I'd used Readability, until it shut down (and still have nearly 800 articles
now identified only by its rdd.it URL shortener, which is to say, utterly
useless to me).

I've been using Pocket for the past two years or so. Unfortunately, the more I
use it, the worse it gets.

The basic webpage simplifier aspect of it is fine. The problem is that an
archive with more than 100 or so entries in it is effectively write-only. The
abililty to search and utilise the store is all but nil.

I've over 6,000 articles saved, with the goal of supporting a research-
oriented trove of previously-viewed, vetted, and categorised articles.

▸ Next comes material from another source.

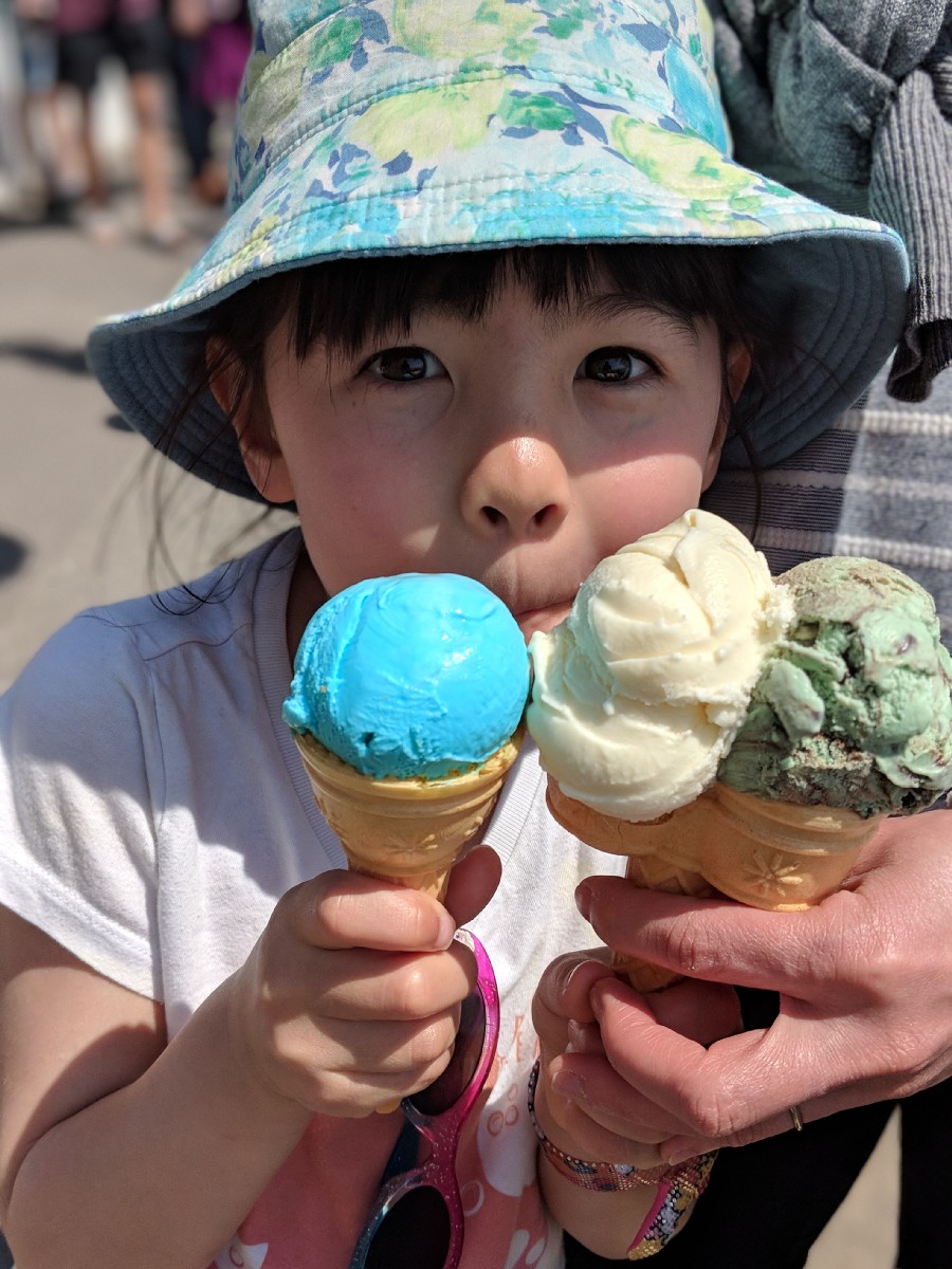 13:11:40 Erika and ice creams. The mint choc chip was good, but neither Chie nor I can quite understand the appeal of bubblegum flavour. | 13:12:54 The ice cream shop. | 13:33:42 On the steps. | 13:36:06 |

It takes several minutes to scroll through my set of tags. _There is no text-
based incremental search._ Nor any other form of text-based search. And that's
just the tip of the iceberg.

The one saving grace so far is the ability to export a list of URLs and tags,
though working with that takes considerably more effort.

[https://www.reddit.com/r/dredmorbius/comments/5x2sfx/pocket_...](https://www.reddit.com/r/dredmorbius/comments/5x2sfx/pocket_it_gets_worse_the_more_you_use_it/)

[https://www.reddit.com/r/dredmorbius/comments/688oc9/pocket_...](https://www.reddit.com/r/dredmorbius/comments/688oc9/pocket_the_worsening_continues/)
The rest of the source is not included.